Stored data:
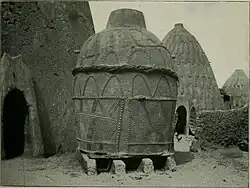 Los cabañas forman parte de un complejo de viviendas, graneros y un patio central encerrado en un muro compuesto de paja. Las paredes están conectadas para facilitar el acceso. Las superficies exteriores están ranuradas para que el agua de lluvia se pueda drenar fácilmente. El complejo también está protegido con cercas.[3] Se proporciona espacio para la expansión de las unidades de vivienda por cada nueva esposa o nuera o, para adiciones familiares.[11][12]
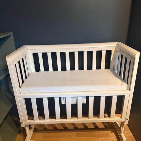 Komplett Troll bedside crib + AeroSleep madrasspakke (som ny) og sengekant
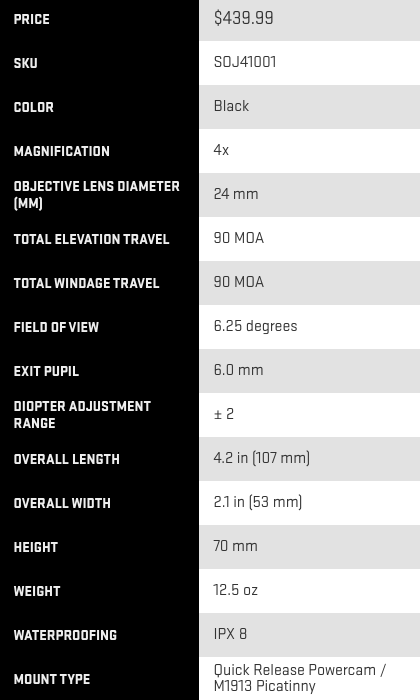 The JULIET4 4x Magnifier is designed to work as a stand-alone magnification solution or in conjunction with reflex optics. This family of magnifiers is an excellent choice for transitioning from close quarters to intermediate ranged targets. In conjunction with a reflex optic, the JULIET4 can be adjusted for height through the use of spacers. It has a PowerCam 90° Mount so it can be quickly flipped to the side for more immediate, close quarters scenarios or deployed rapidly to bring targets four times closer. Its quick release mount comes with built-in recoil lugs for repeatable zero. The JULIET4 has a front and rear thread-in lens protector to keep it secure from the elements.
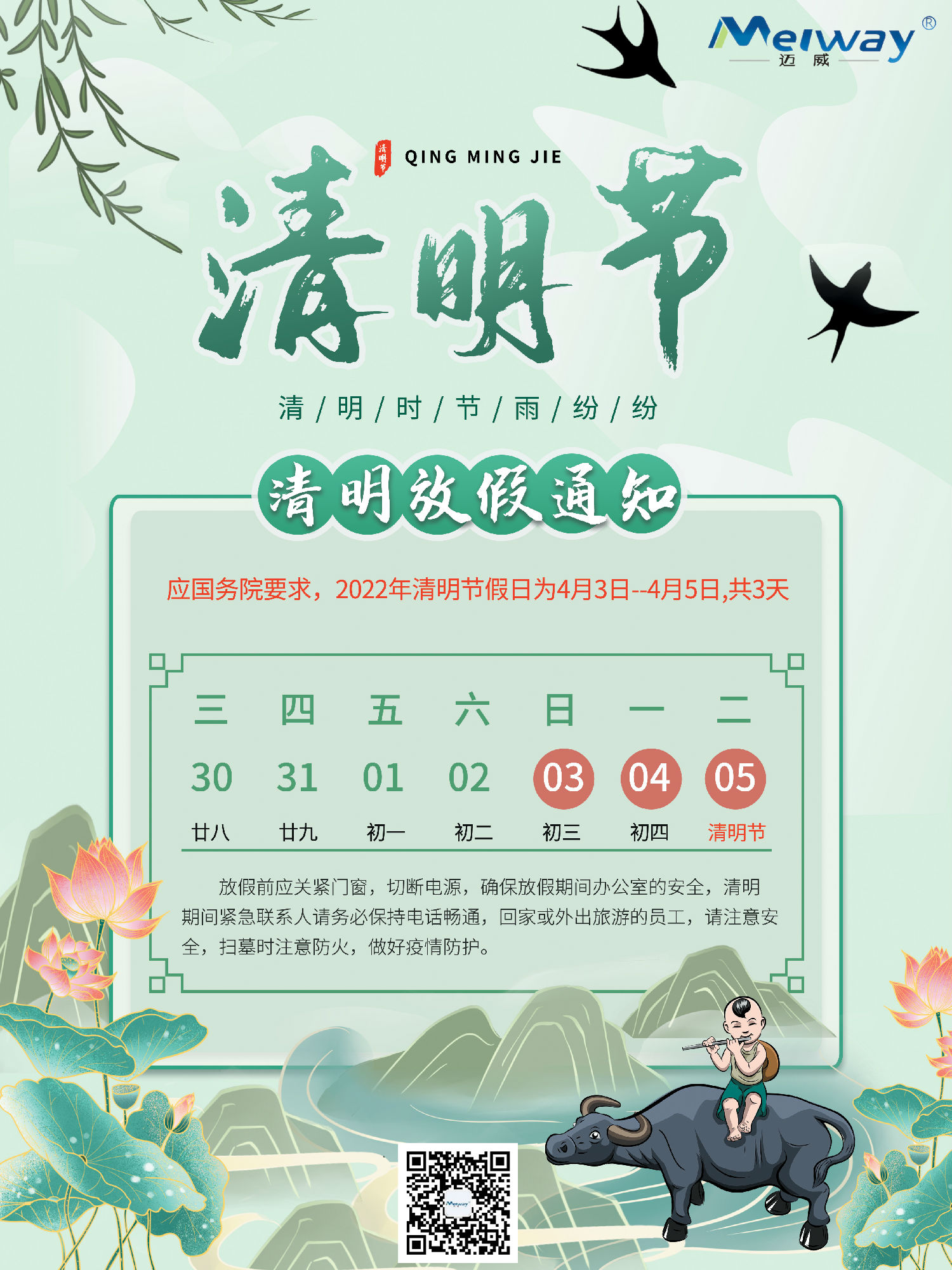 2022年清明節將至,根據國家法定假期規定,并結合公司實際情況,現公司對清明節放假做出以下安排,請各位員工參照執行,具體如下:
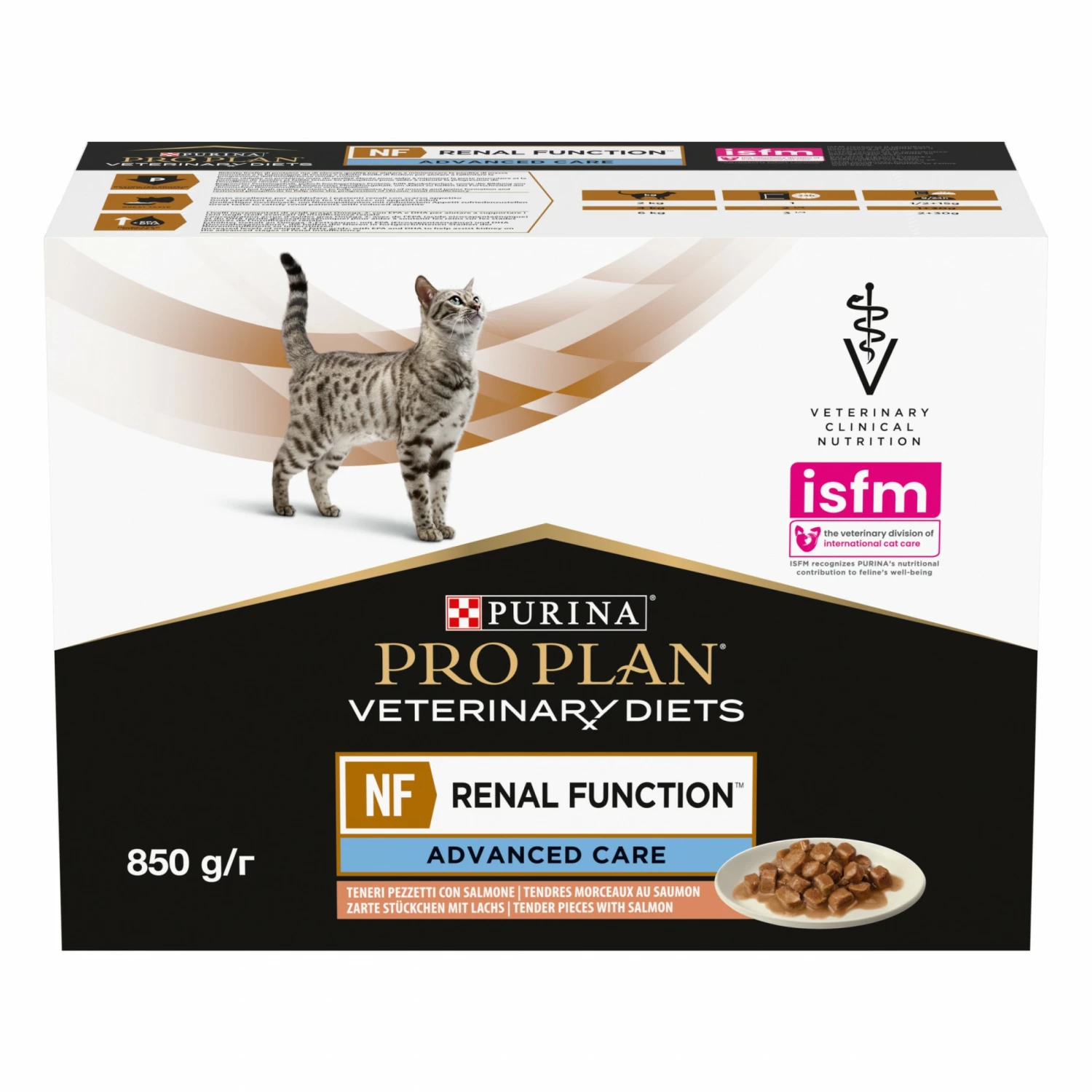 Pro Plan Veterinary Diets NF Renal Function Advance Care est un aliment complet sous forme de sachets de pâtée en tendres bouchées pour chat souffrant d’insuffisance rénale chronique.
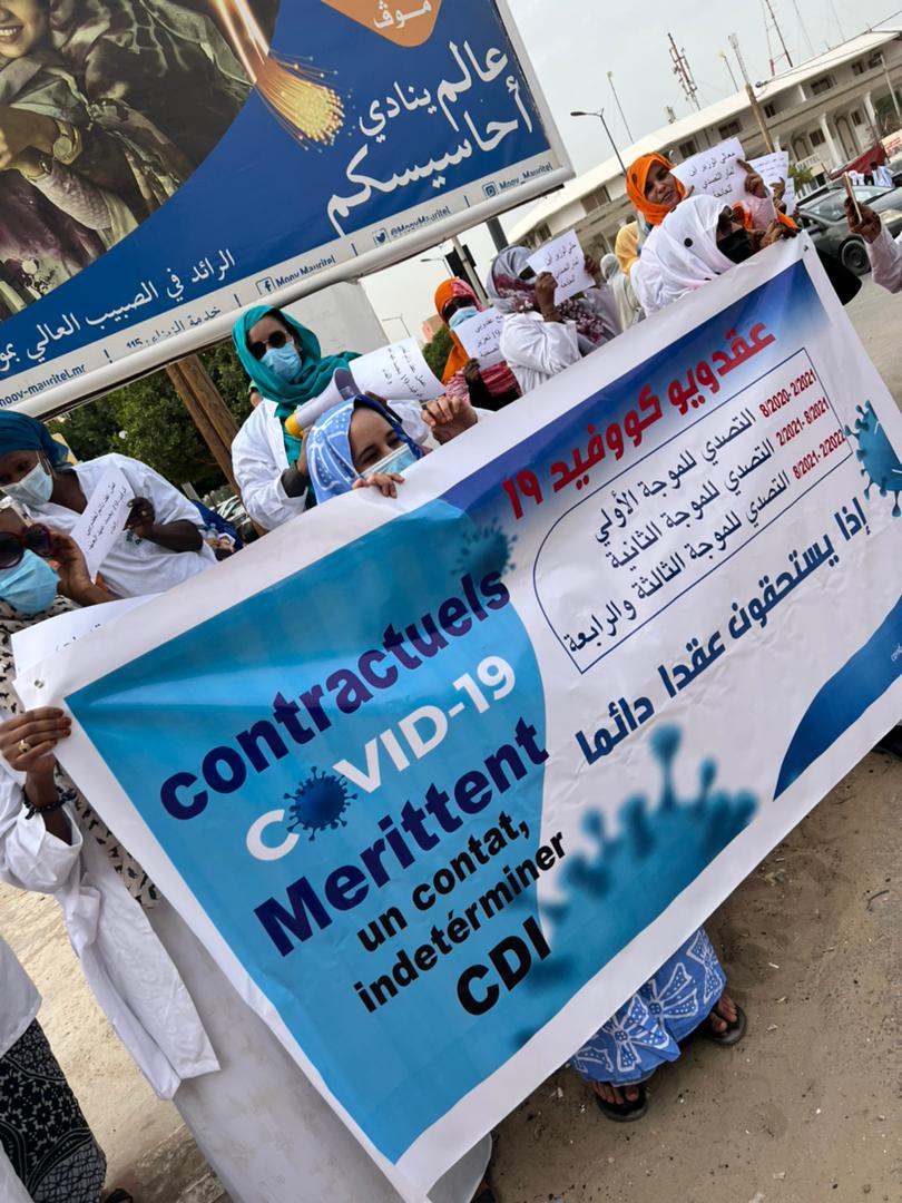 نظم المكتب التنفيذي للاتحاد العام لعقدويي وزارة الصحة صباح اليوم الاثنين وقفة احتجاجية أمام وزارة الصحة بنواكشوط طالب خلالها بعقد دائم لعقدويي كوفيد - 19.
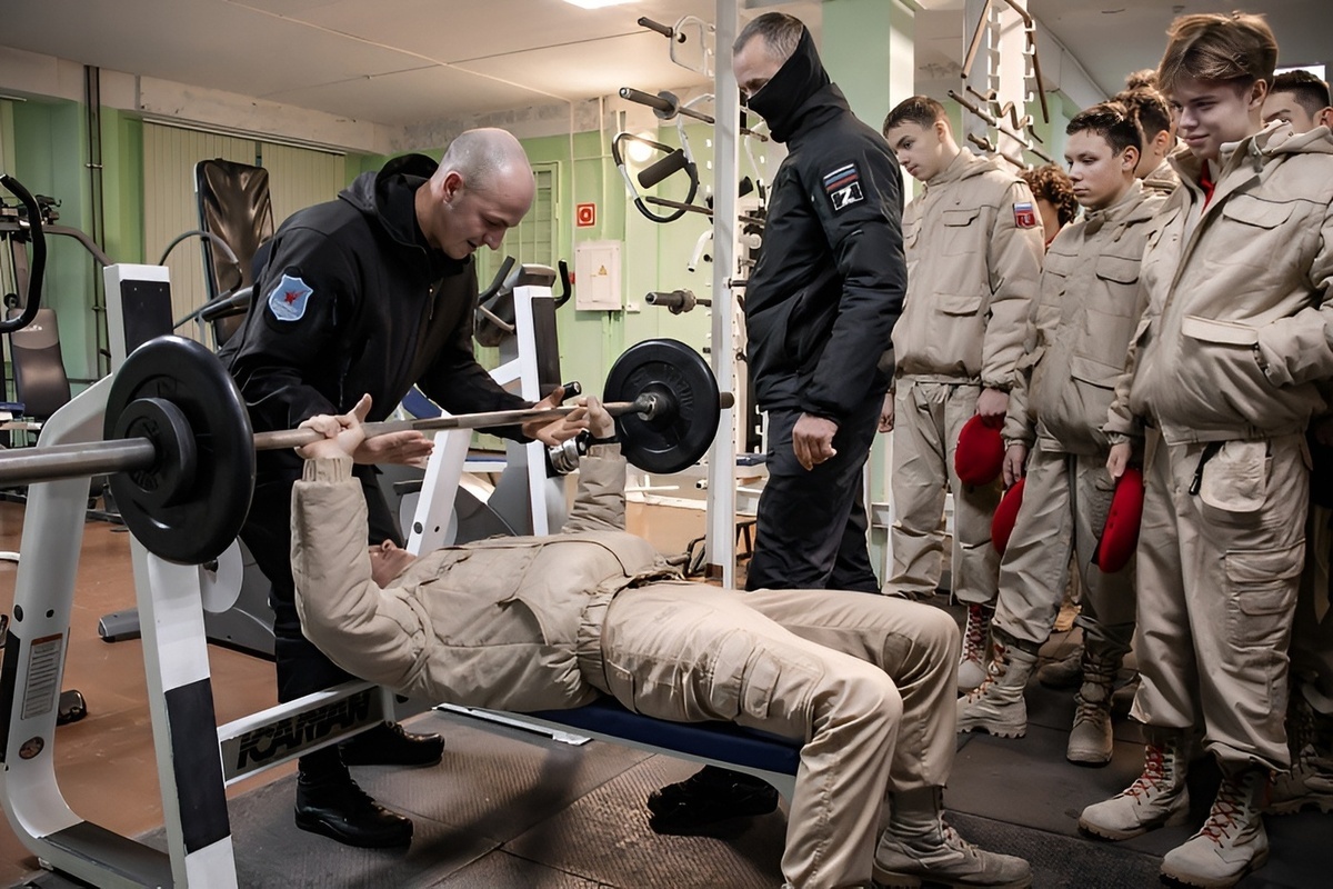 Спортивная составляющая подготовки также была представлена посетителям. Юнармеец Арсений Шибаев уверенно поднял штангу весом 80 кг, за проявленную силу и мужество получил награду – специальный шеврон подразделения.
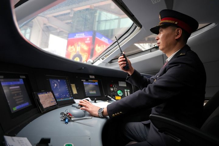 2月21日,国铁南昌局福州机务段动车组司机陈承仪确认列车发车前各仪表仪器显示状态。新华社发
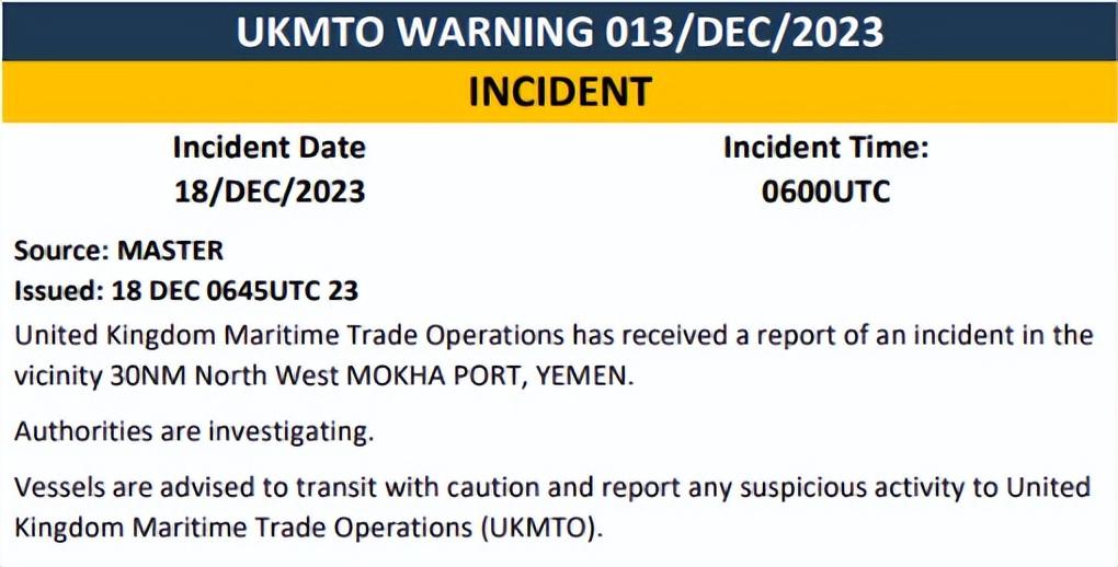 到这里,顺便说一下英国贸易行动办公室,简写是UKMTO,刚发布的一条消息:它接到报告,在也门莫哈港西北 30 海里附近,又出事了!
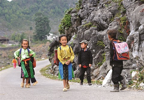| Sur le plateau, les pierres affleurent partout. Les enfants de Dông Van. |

**Assignment:**
When you reach the line with "نظم المكتب التنفيذي" in the entries above, start copying, and go on word for word to the last line; skip any picture.

**Response to the task:**
 نظم المكتب التنفيذي للاتحاد العام لعقدويي وزارة الصحة صباح اليوم الاثنين وقفة احتجاجية أمام وزارة الصحة بنواكشوط طالب خلالها بعقد دائم لعقدويي كوفيد - 19.
 Спортивная составляющая подготовки также была представлена посетителям. Юнармеец Арсений Шибаев уверенно поднял штангу весом 80 кг, за проявленную силу и мужество получил награду – специальный шеврон подразделения.
 2月21日,国铁南昌局福州机务段动车组司机陈承仪确认列车发车前各仪表仪器显示状态。新华社发
 到这里,顺便说一下英国贸易行动办公室,简写是UKMTO,刚发布的一条消息:它接到报告,在也门莫哈港西北 30 海里附近,又出事了!
| Sur le plateau, les pierres affleurent partout. Les enfants de Dông Van. |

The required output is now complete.